Factorial factors

Any composite number $n$ (except for squares) will be a factor of $(n-1)!$ because it can be expressed as the product of 2 smaller distinct integers which are present in $(n-1)!$ .

Every square $n$ will be the $\sqrt{n}$ th multiple of $\sqrt{n}$ , so there will be at least $\sqrt{n}-1$ factors of $\sqrt{n}$ in $(n-1)!$ , one for each of the previous multiples of $\sqrt{n}$ . This makes $n$ a factor of $(n-1)!$ , because a square is made up of 2 factors of $\sqrt{n}$ . The only exception to this is when $n=4$ , because there will be only $\sqrt{4}-1=1$ factor of $\sqrt{4}=2$ in $(4-1)!$ , which makes $2^2=4$ one such integer that satisfies the condition in the question.

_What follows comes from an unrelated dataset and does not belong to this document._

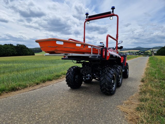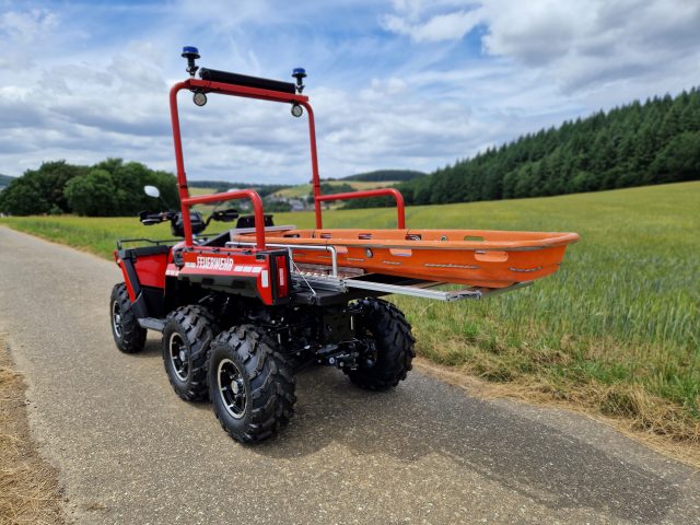 SWK Rettungsmodul ATV für die Personenrettung im Gelände und in schwer zugänglichen Lagen. Ausgelegt für den Transport von einem Verletzten in einer Schleifkorbtrage.

Any prime number will satisfy the condition in the question because it will be the smallest positive integer that contains all its factors, namely, itself. There are 25 prime numbers less than 100. So, adding 4 to our list, we have $26$ such integers.

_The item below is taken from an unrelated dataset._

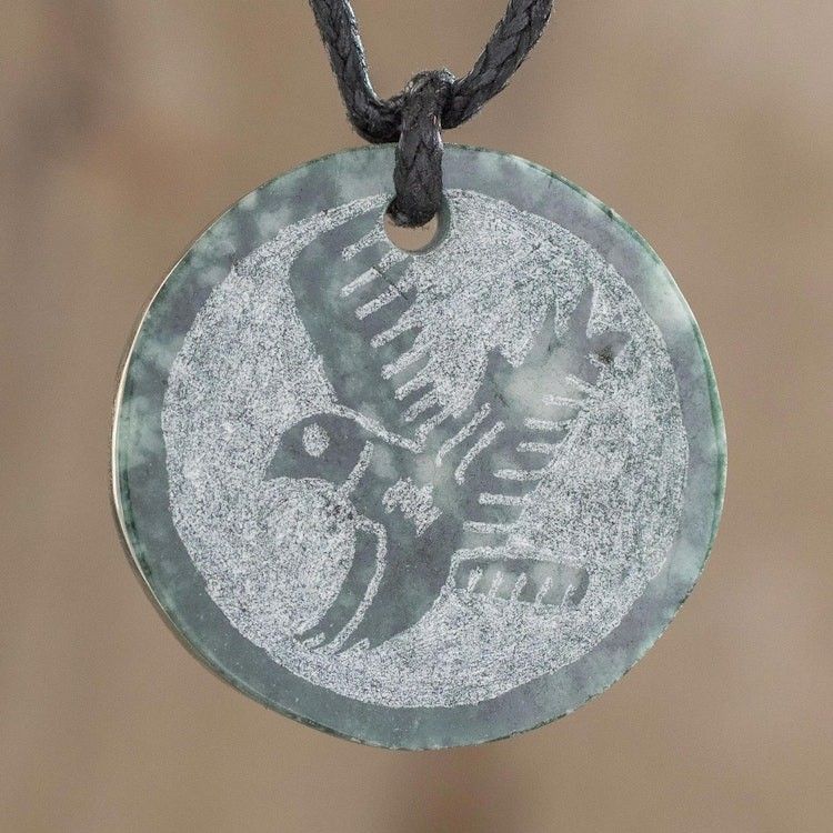 Hand-Carved Jade Eagle Pendant Necklace from Guatemala 'Tz'ikin Eagle' Item ID: 2671777137

The Wilson's Theorem says that n is a prime number only if:

• (n - 1)! ≡ -1 (mod n)

Also, it's possible to proof that whenever n is a composite number and n is different from 4:

• (n-1)! ≡ 0 (mod n)

So we just need to compute how many prime numbers exists between 2 and 100, which is 25 and add 1 cause 4 is an exception.

So the answer is 26.

on one hand : if p is a composite number >4 then (p-1)! is divisible by p. Let's prove that. let p a composite number >4. then p= ab with 1 < a < p and 1 < b < p then a<=p-1 and b<=p-1 - if a is different from b then ab divides (p-1)!=(p-1) x (p-2)x...x b x...x a x...2 x 1 ( if b>a for ex) - if a=b then p=a² ,so a>2, then p-a>a and both a and (p-a) are lower than p, ax(p-a) divides (p-1)! as a divides p-a then a² divides (p-1)!. on an other hand, if p is a prime number by Theorem wilson p doesn't divide (p-1)! the integers n that are 2≤n≤100 and (n−1)! is not divisible by n are the prime numbers between 2 and 100, and 4 so exactly 26 one.

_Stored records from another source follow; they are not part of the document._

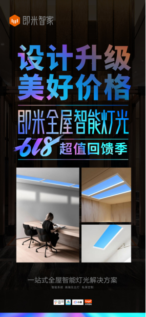 據(jù)了解,在今年618活動中,即米除了對“天空燈”產(chǎn)品進(jìn)行迭代,也進(jìn)行全景燈光設(shè)計大升級,推出全案燈光服務(wù)。通過總部燈光設(shè)計中心和區(qū)域服務(wù)商有效結(jié)合,強調(diào)與客戶的深入互動,注重客戶對設(shè)計方案的參與感,根據(jù)客戶的需求提供個性化的燈光設(shè)計服務(wù),有效解決“懂設(shè)計懂產(chǎn)品更懂用戶”的行業(yè)難題,以“咨詢+設(shè)計+產(chǎn)品供應(yīng)+安裝調(diào)試”打造出讓客戶滿意的一站式全屋智能燈光解決方案。
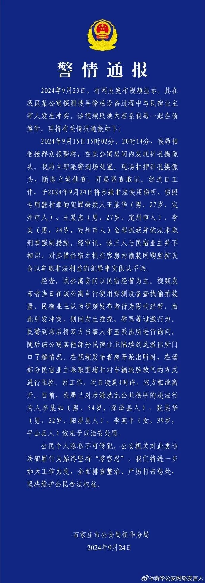 24日晚,石家庄市公安局新华分局发布警情通报称,已于9月24日将涉嫌非法使用窃听、窃照专用器材罪的犯罪嫌疑人王某华(男,27岁,定州市人)、王某杰(男,27岁,定州市人)、李某(男,24岁,定州市人)全部抓获并依法采取刑事强制措施。经审讯,这三人与民宿业主并不相识,对其借住宿之机在客房内偷装网购监控设备以牟取非法利益的犯罪事实供认不讳。
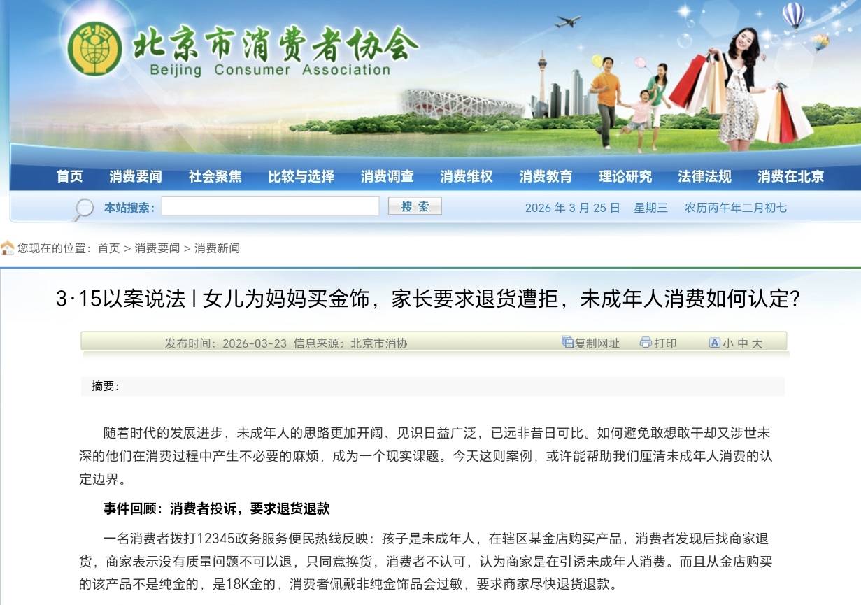 近日,北京市消协发布一则案例:孩子是未成年人,在辖区某金店购买产品,消费者发现后找商家退货,商家不给退。调解人员调查后发现:购买时孩子父亲在场,还在小票上签字确认。消费者要求退货的依据不充分。

The easiest and quickest way :

The answer is all the prime numbers below $100$ and including $4$

See all prime numbers less than 101 and greater than 1 satisfy this condition and there are 26 prime numbers less than 101 and greater than 1. So the answer is 26

It can easily be seen that number of primes between 2 and 100 would surely in be the answer which is 25.Now let's check composites first is 4. 4 is not divisible by $3!=6$ .Next composite number after 4 is 6 but $5!$ is divisible by 6 and all the composites after that also satisfy the condition.

So the answer is 25+1=26